— TASK DESCRIPTION —
When you reach the line with "Original color 28" in the records below, begin transcribing exactly and continue up to and including the line with "Полукомбинезон с лямками", leaving out every picture.

— MATERIAL FOR THIS EXERCISE —
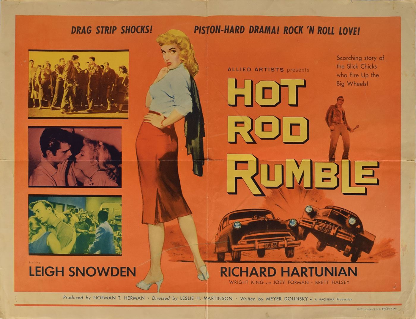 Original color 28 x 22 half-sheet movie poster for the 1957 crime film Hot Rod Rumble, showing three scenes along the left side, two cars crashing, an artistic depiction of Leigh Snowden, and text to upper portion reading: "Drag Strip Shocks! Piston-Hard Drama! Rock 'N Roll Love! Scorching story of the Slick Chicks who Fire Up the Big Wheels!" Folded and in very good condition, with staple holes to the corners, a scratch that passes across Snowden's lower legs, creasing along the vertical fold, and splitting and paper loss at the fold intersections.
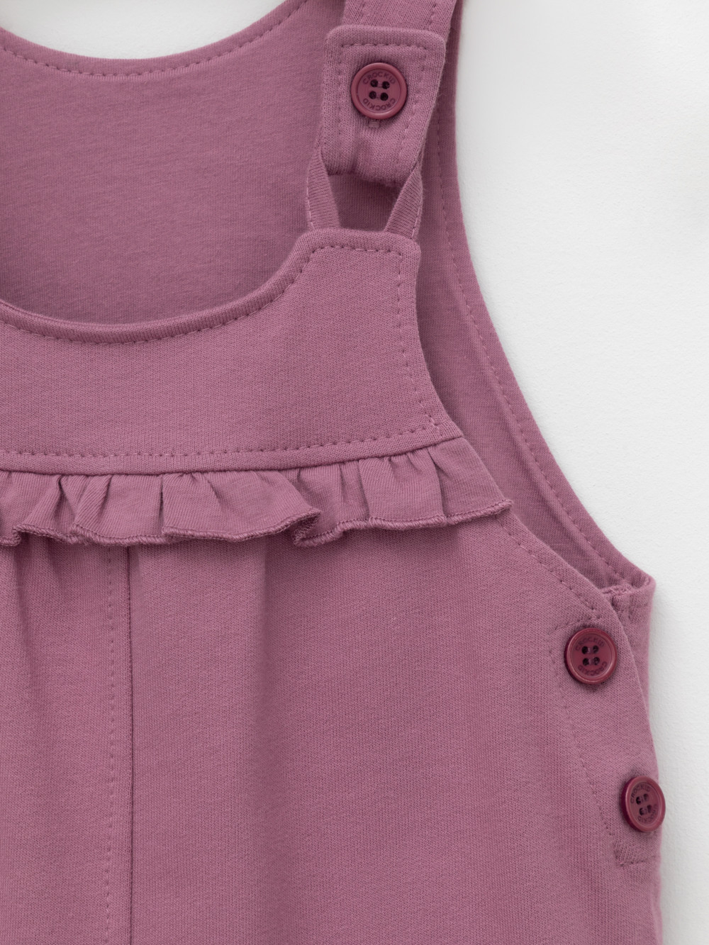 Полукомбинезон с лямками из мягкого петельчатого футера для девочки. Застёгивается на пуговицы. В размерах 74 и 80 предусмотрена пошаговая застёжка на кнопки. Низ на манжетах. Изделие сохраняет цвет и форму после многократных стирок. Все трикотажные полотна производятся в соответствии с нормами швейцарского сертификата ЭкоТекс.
...
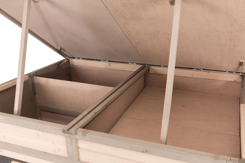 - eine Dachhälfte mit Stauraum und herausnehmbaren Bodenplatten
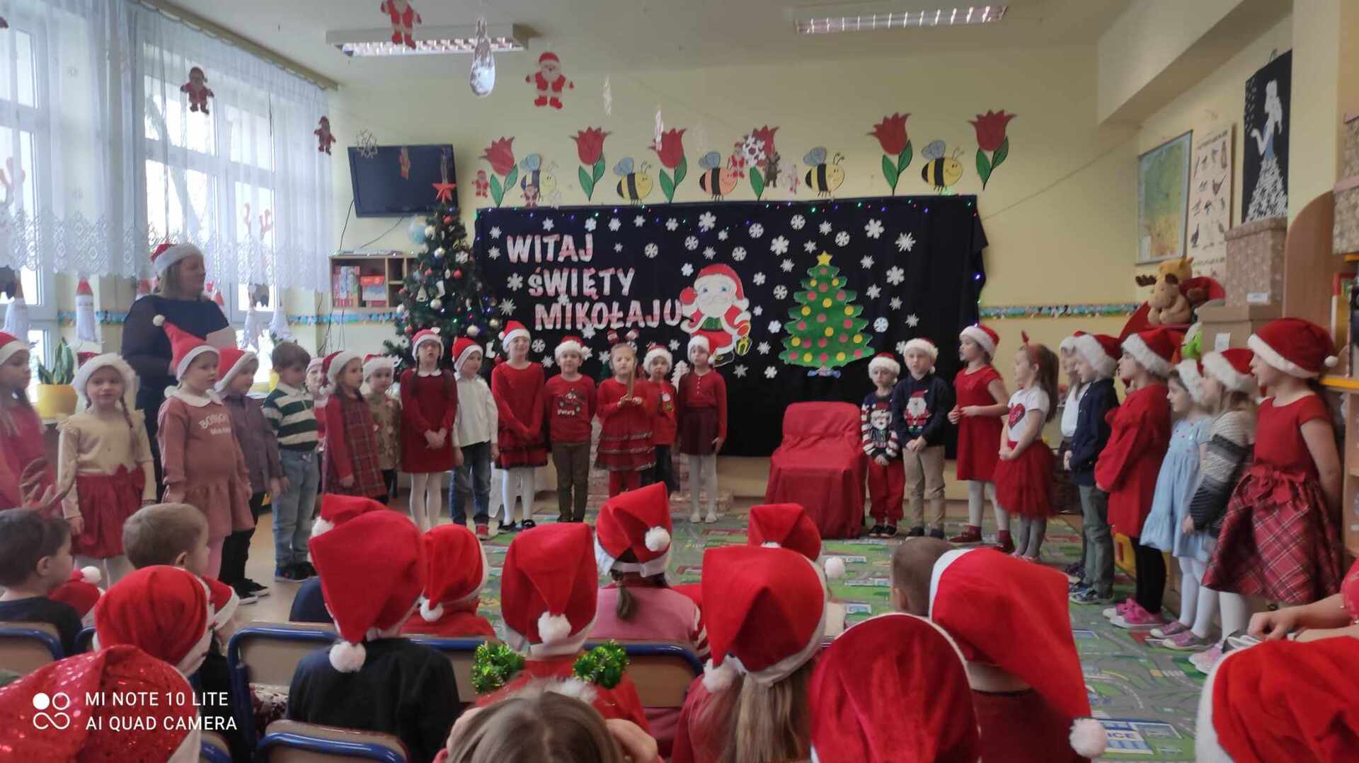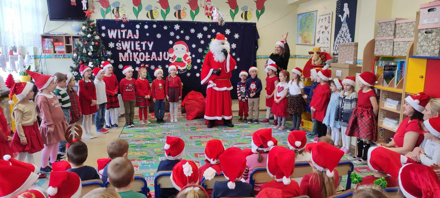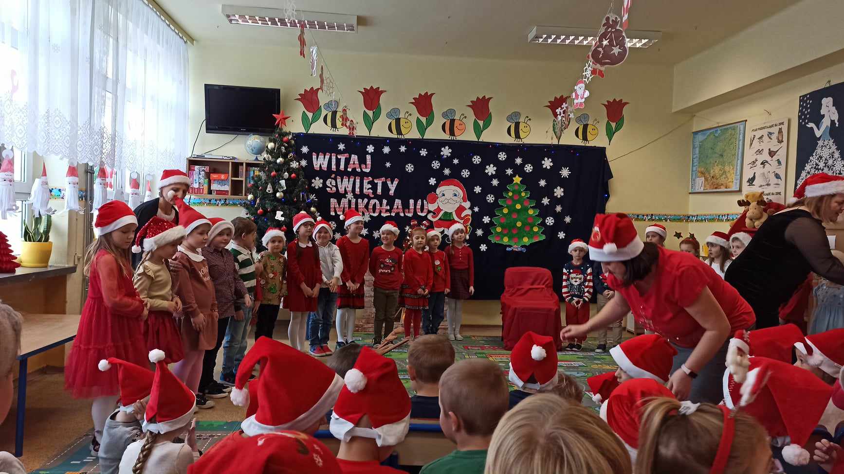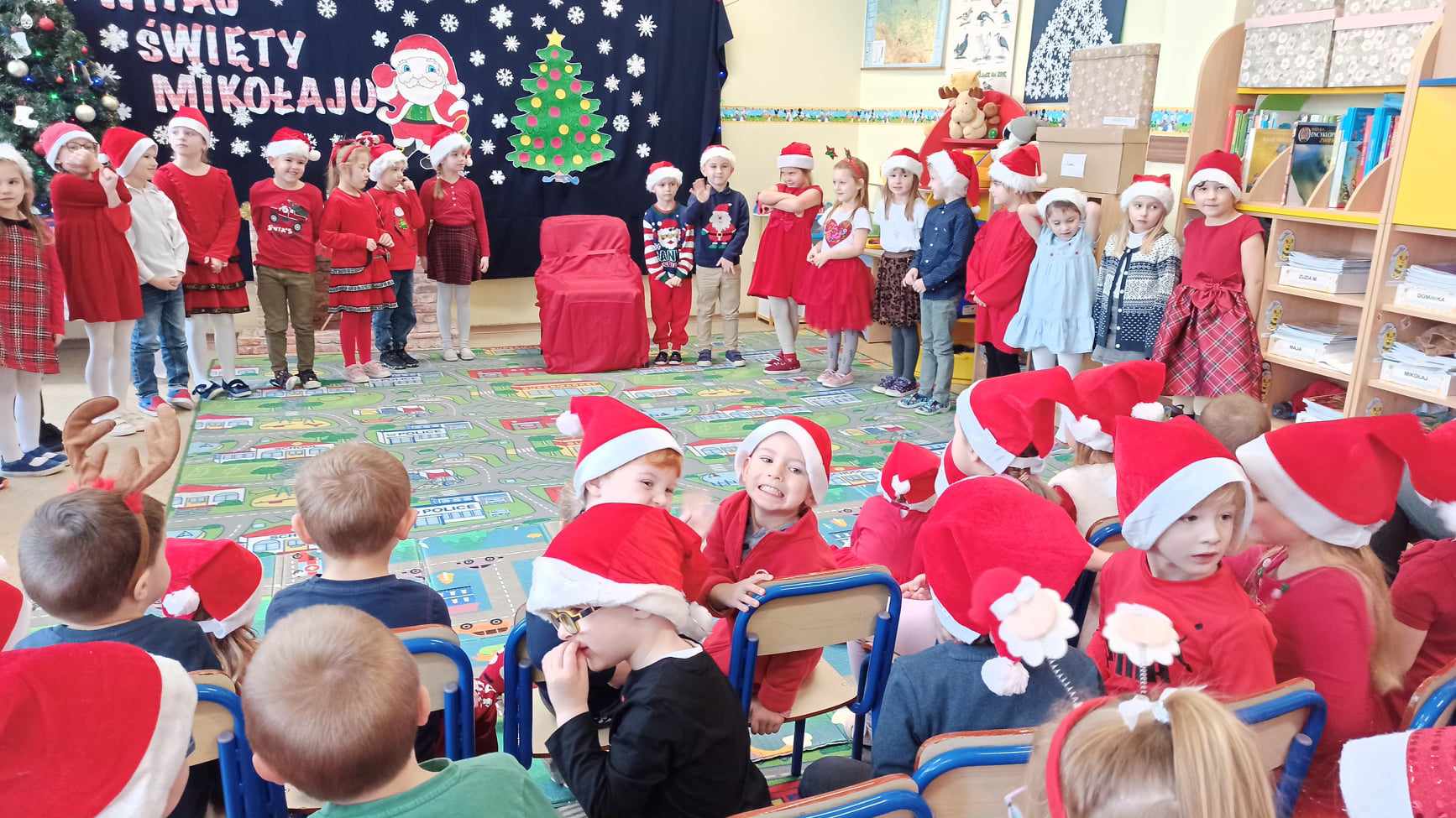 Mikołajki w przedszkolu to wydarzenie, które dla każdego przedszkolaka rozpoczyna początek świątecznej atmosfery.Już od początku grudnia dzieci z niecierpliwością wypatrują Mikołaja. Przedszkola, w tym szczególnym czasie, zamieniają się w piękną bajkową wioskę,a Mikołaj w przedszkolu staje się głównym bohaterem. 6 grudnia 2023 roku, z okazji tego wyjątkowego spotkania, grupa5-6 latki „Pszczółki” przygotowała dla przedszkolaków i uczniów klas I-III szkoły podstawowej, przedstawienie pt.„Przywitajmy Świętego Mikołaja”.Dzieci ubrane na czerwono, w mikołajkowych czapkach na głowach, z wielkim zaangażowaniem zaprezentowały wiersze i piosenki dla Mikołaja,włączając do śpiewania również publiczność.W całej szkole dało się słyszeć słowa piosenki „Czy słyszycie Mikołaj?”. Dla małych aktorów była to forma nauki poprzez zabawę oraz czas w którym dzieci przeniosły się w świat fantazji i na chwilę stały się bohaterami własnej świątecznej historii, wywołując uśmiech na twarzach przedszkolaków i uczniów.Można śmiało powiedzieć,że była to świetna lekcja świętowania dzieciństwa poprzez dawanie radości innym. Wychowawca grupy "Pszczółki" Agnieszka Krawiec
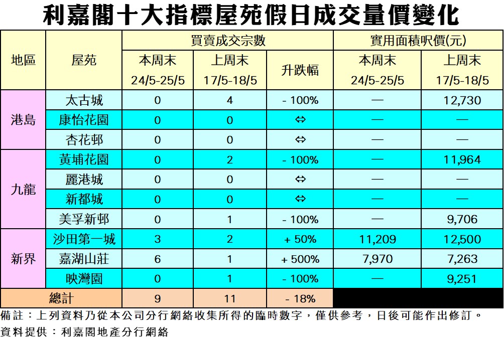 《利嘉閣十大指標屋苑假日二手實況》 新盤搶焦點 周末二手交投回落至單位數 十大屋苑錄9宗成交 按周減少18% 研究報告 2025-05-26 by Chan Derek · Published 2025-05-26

— ANSWER FOR THE TASK —
 Original color 28 x 22 half-sheet movie poster for the 1957 crime film Hot Rod Rumble, showing three scenes along the left side, two cars crashing, an artistic depiction of Leigh Snowden, and text to upper portion reading: "Drag Strip Shocks! Piston-Hard Drama! Rock 'N Roll Love! Scorching story of the Slick Chicks who Fire Up the Big Wheels!" Folded and in very good condition, with staple holes to the corners, a scratch that passes across Snowden's lower legs, creasing along the vertical fold, and splitting and paper loss at the fold intersections.
 Полукомбинезон с лямками из мягкого петельчатого футера для девочки. Застёгивается на пуговицы. В размерах 74 и 80 предусмотрена пошаговая застёжка на кнопки. Низ на манжетах. Изделие сохраняет цвет и форму после многократных стирок. Все трикотажные полотна производятся в соответствии с нормами швейцарского сертификата ЭкоТекс.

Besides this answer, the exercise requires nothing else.